In computer science, partial order reduction is a method used to make the process of searching through a set of possible situations easier for tools like model checking or planning and scheduling systems. It uses the fact that certain actions can be done in different orders without changing the final result.
When exploring the set of possible situations, partial order reduction often involves looking at a smaller group of actions that represent all possible choices. This method is sometimes called "model checking with representatives." There are several ways to apply this technique, including the stubborn set method, the ample set method, and the persistent set method.
Ample sets
Ample sets are an example of model checking using representatives. They depend on a separate idea of dependency. Two transitions are considered independent only if they do not prevent each other from happening when both are allowed to occur. When both transitions happen, they always lead to the same final state, no matter the order. Transitions that are not independent are considered dependent. In practice, dependency is estimated using static analysis.
Ample sets can be defined for different purposes by setting rules that determine when a group of transitions is "ample" in a specific state.
C0: ample(s) is empty if and only if enabled(s) is empty.
C1: If a transition α depends on a transition in ample(s), it cannot occur until a transition in the ample set is executed.
Rules C0 and C1 are enough to ensure all deadlocks in the state space are preserved. Additional rules are needed to preserve more detailed properties.
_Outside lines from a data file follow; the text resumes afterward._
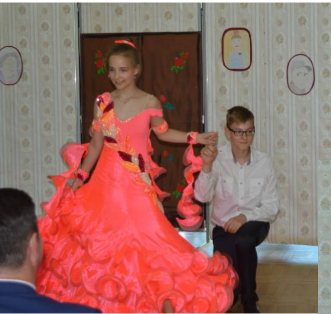
Radość i taniec
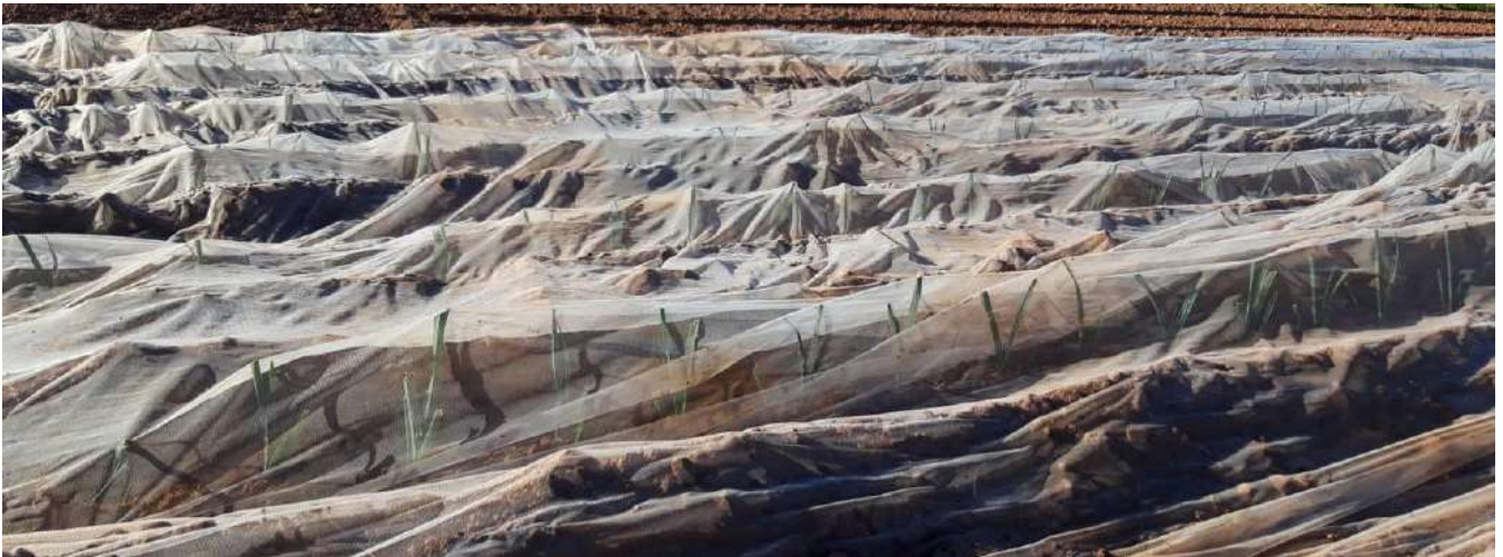
Filet posé sur une culture de poireaux
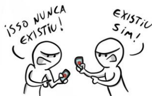
Figura 1: Fonte: Um sábado qualquer
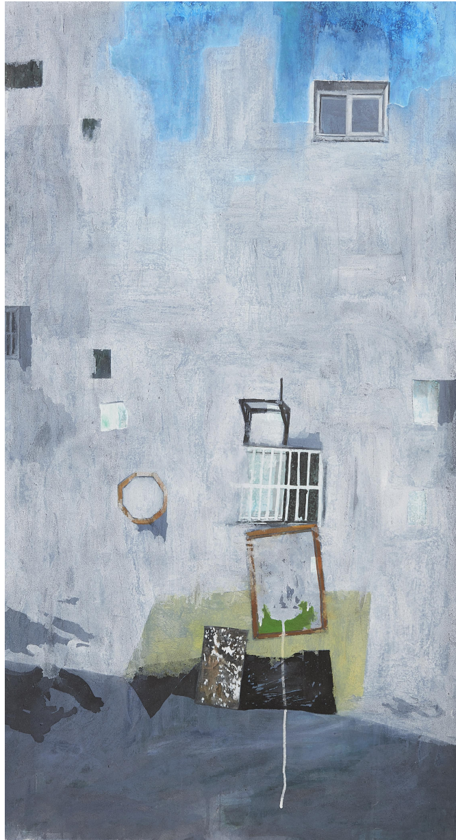
【작품 6】 벽, 장지에 혼합재료, 74x136cm, 2017
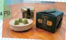
茶楽 (24pic 1,944円)
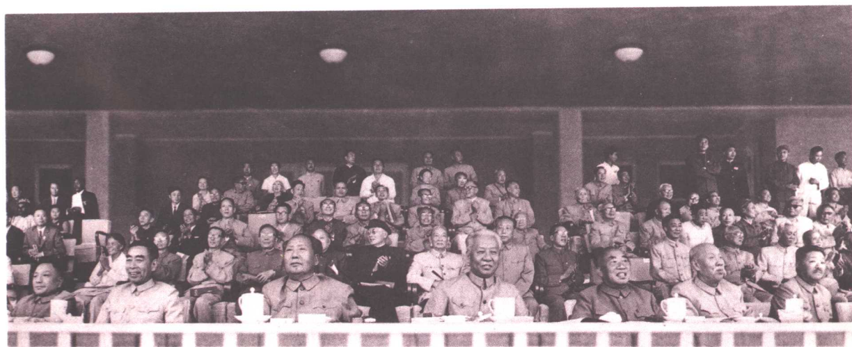
党和国家领导人出席第二届全国运动会
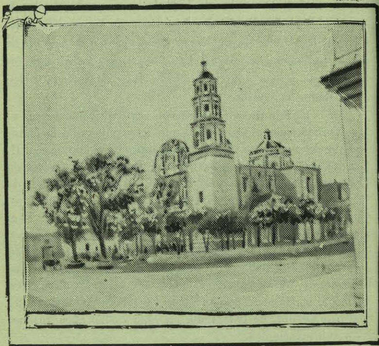
IGLESIA DE CIENEGA DE MATA.

formación citada, siempre se firmó Francisco Primo Verdad y Ramos.
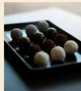
La Cabosse Gourmande Les bulles de Sucy 01 71 34 11 93
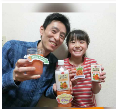
まくちゃさん(神奈川県)

親子で主に朝食時に飲んでいます。パッケージは何種類かあるので子どもは選ぶ楽しみがあり、飲み終わった後のじゃんけん、おみくじも楽しんでいます。

For example, to preserve properties of linear temporal logic, the following two rules are required:
C2: If enabled(s) is not equal to ample(s), every transition in the ample set must be invisible.
C3: A cycle is not allowed if it includes a state where a transition α is enabled but is never part of ample(s) for any states on the cycle.
These rules are sufficient for defining an ample set, but they are not the only possible conditions.
Stubborn sets
Stubborn sets do not rely on explicit independence relations. Instead, they are defined only by how actions can be rearranged in sequences. A set T(s) is (weakly) stubborn at state s if the following conditions are met.
D0: For every action a in T(s), and for every sequence of actions b₁, …, bₙ not in T(s), if performing the sequence b₁, …, bₙ, a is possible and leads to a new state s', then performing the sequence a, b₁, …, bₙ is also possible and leads to the same state s'.
D1: Either s is a deadlock (a state where no actions can proceed), or there exists at least one action a in T(s) such that performing any sequence of actions b₁, …, bₙ not in T(s) followed by a is possible.
These conditions ensure that all deadlocks are preserved, similar to conditions C0 and C1 in the ample set method. However, they are slightly less strict, which may result in smaller sets. Conditions C2 and C3 can also be relaxed compared to their use in the ample set method, but the stubborn set method works with the same C2 and C3 conditions.
Others
Other ways to describe partial order reduction include the persistent set / sleep set algorithm. More details about this method are described in Patrice Godefroid's thesis.
In symbolic model checking, partial order reduction can be done by adding more constraints, known as guard strengthening. Additional uses of partial order reduction include tasks related to automated planning.